It is useful to discuss the reasons for emphasizing single predictors. First, they provide the foundation for evaluating more complicated models. Second, single predictor applications are common in practice and thus deserve special focus. Diagnostic radiology is a good example where predictors are usually the products of patients undergoing scans. Although combining information from multiple sources of data (such as alternative diagnostic scans like magnetic resonance imaging and computed tomography) improves accuracy, the overwhelming financial and ethical concern is on minimizing the number of scans. This leads to concerns about picking the best single predictor out of a few candidates. Combining the information from multiple scan types is rarely of interest because the incremental improvement in accuracy does not usually justify the cost and burden for a patient to undergo additional diagnostic procedures.

Most prediction problems outside diagnostic radiology involve multiple variables. Usually, most outcomes of interest that you set out to predict are complex multidimensional entities that can be captured only through judicious use of several variables. This usually implies building a model, which requires choosing among several competing models. The goal of this process is finding the model that fits the data best, but it inevitably leads to over-fitting. Over-fitting refers to a model that describes the observed data much better than it anticipates future observations.

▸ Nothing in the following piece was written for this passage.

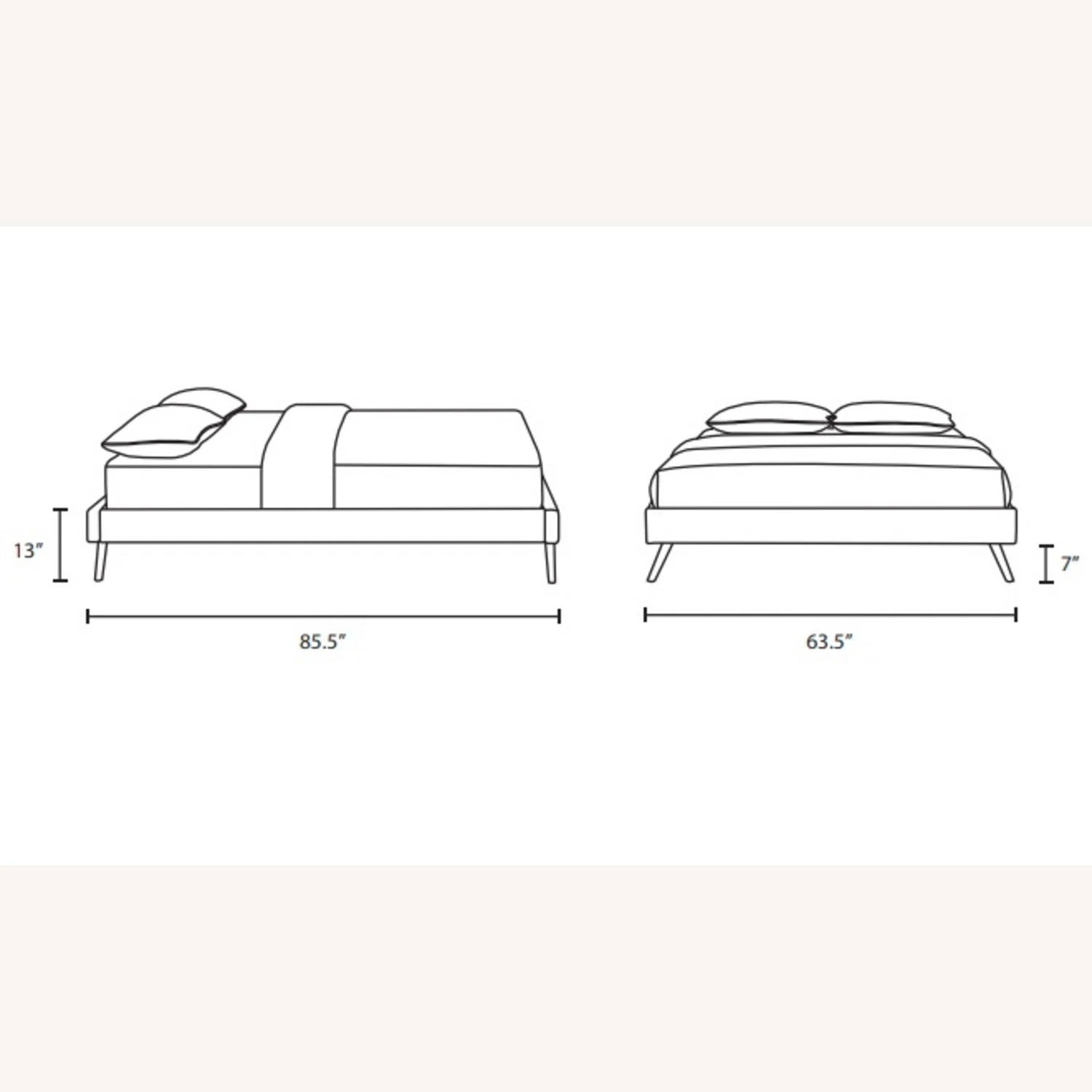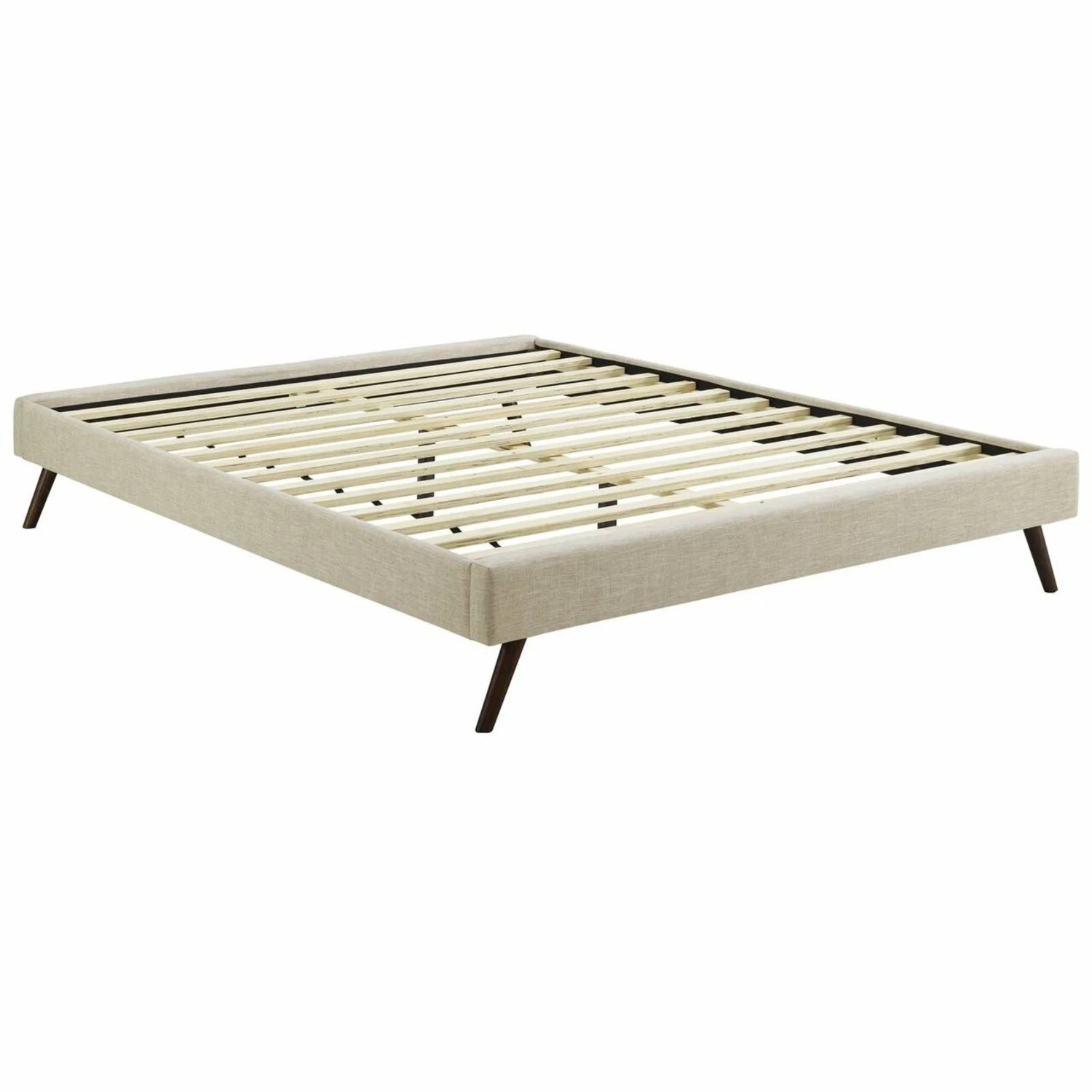 • Accelerate your bedroom decor with this Platform Bed. Made with a solid wood frame upholstered in polyester fabric, this bed features tapered wood legs, plastic foot glides, ten sturdy wood slats with a centered supporting bar and two support legs for enhanced stability.

Measures of model performance (such as the ROC curve or the area under the ROC curve) that are computed from the data set used for model fitting are said to be obtained by self-prediction or resubstitution. These terms originate from the practice of using the model to predict the data that generated itself and resubstituting the model back into the data to obtain predictions. Another, somewhat light-hearted term for this method is double dipping, referring to the fact that the data set is used twice, once for fitting and once for predicting. The ROC curve and its summary measures tend to reflect the optimism in self-prediction because they indicate better accuracy than the actual model allows in practice.

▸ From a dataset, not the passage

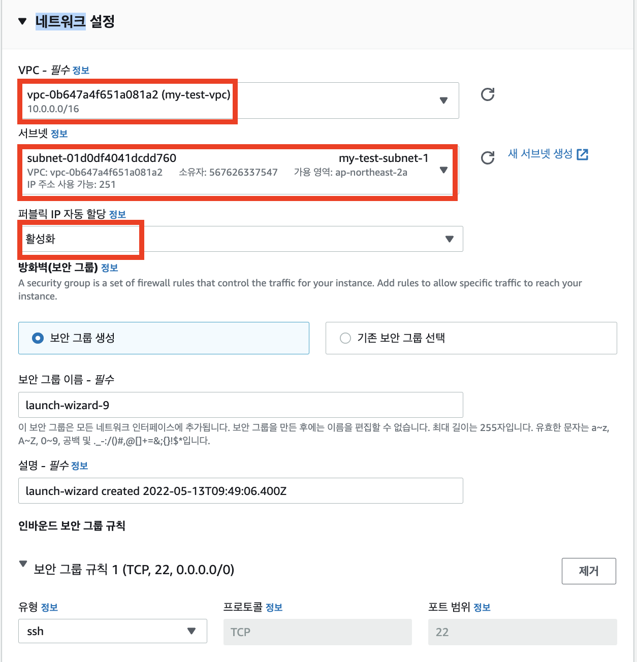 이 인스턴스에 외부에서 접속을 하려면 퍼블릭 아이피를 할당할 필요가 있습니다. 따라서 '퍼블릭 IP 자동할당'을 '활성'로 지정합니다

Most statisticians recommend taking measures against over-fitting. This process is usually called validation. Here are two methods that are particularly relevant for ROC curves and that can be implemented in SAS with relative ease: split-sample validation and sample reuse validation. The sample reuse method can actually be implemented in two different ways: cross-validation and bootstrap. This chapter covers these methods.

Split-sample validation requires splitting the sample into two parts, so-called training and test sets. The model is fit on the training set and its performance is evaluated on the test set. This mimics the real-life situation where models are used on data sets that have not been part of the model development. Measures of performance estimated from the test set are much closer to the true values (less biased) than the ones estimated from the training set. Split-sample validation is simple to understand and implement. It also approximates real life well. Its main disadvantage is the inefficient use of data: with small to moderate sample sizes, neither the training nor the test sets are large enough to generate reproducible results.

Sample reuse methods attempt to increase efficiency by repeated use of observed data points in different ways. This repeated use results in estimators of performance with smaller variances. In general, however, because each data point is used more than once, there is an increase in bias. Nevertheless, most studies have favored sample reuse in terms of a composite criterion such as the mean squared error. In other words, the increase in bias is offset by the decrease in variance.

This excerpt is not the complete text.